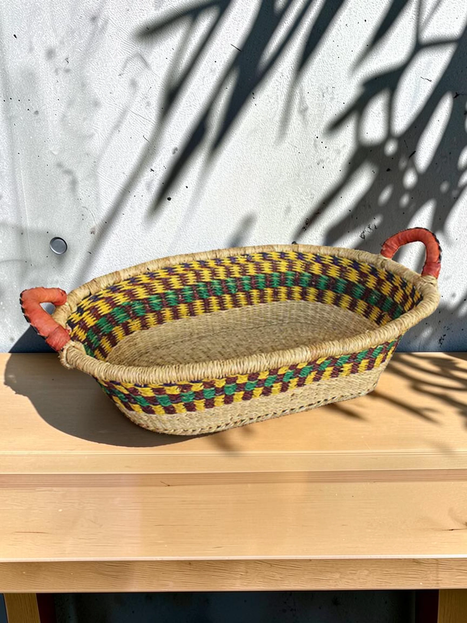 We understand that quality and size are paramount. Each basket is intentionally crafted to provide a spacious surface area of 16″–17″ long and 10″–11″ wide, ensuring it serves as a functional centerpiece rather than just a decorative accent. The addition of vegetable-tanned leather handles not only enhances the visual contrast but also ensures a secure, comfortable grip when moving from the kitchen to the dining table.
------
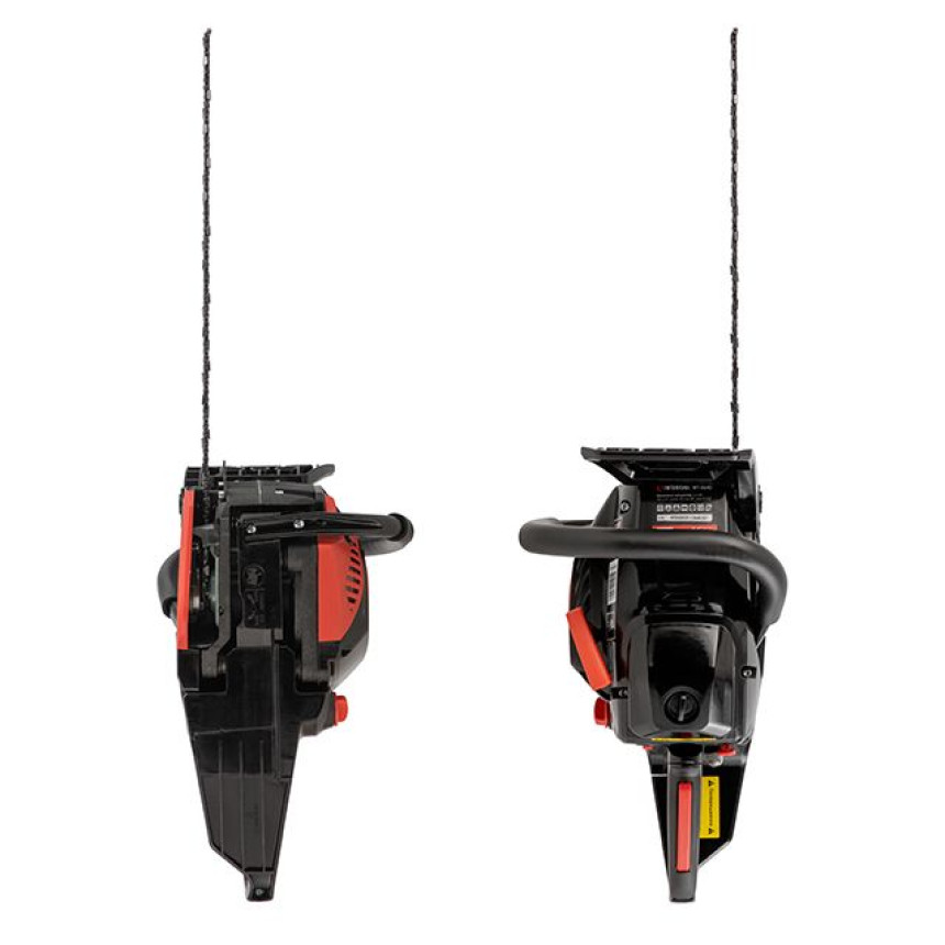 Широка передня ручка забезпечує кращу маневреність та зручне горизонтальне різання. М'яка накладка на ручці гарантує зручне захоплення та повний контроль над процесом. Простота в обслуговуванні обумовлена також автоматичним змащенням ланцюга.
------
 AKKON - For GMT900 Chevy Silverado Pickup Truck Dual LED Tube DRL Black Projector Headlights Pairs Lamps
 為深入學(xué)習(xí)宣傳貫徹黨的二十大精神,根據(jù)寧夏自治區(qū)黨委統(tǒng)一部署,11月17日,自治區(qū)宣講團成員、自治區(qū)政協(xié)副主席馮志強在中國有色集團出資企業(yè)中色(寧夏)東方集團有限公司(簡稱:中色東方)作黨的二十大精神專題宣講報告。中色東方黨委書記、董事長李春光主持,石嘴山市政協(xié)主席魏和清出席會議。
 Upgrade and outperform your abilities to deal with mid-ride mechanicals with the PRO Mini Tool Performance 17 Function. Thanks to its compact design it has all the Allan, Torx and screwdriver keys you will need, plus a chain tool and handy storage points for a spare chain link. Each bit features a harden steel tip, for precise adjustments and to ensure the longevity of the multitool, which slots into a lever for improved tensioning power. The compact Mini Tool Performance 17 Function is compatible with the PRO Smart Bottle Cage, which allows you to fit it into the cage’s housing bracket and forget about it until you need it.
------
What you should do>
For this exercise, please output exactly the lines above starting at the line with "AKKON - For" and ending at the line with "Upgrade and outperform", ends included.

Task response>
 AKKON - For GMT900 Chevy Silverado Pickup Truck Dual LED Tube DRL Black Projector Headlights Pairs Lamps
 為深入學(xué)習(xí)宣傳貫徹黨的二十大精神,根據(jù)寧夏自治區(qū)黨委統(tǒng)一部署,11月17日,自治區(qū)宣講團成員、自治區(qū)政協(xié)副主席馮志強在中國有色集團出資企業(yè)中色(寧夏)東方集團有限公司(簡稱:中色東方)作黨的二十大精神專題宣講報告。中色東方黨委書記、董事長李春光主持,石嘴山市政協(xié)主席魏和清出席會議。
 Upgrade and outperform your abilities to deal with mid-ride mechanicals with the PRO Mini Tool Performance 17 Function. Thanks to its compact design it has all the Allan, Torx and screwdriver keys you will need, plus a chain tool and handy storage points for a spare chain link. Each bit features a harden steel tip, for precise adjustments and to ensure the longevity of the multitool, which slots into a lever for improved tensioning power. The compact Mini Tool Performance 17 Function is compatible with the PRO Smart Bottle Cage, which allows you to fit it into the cage’s housing bracket and forget about it until you need it.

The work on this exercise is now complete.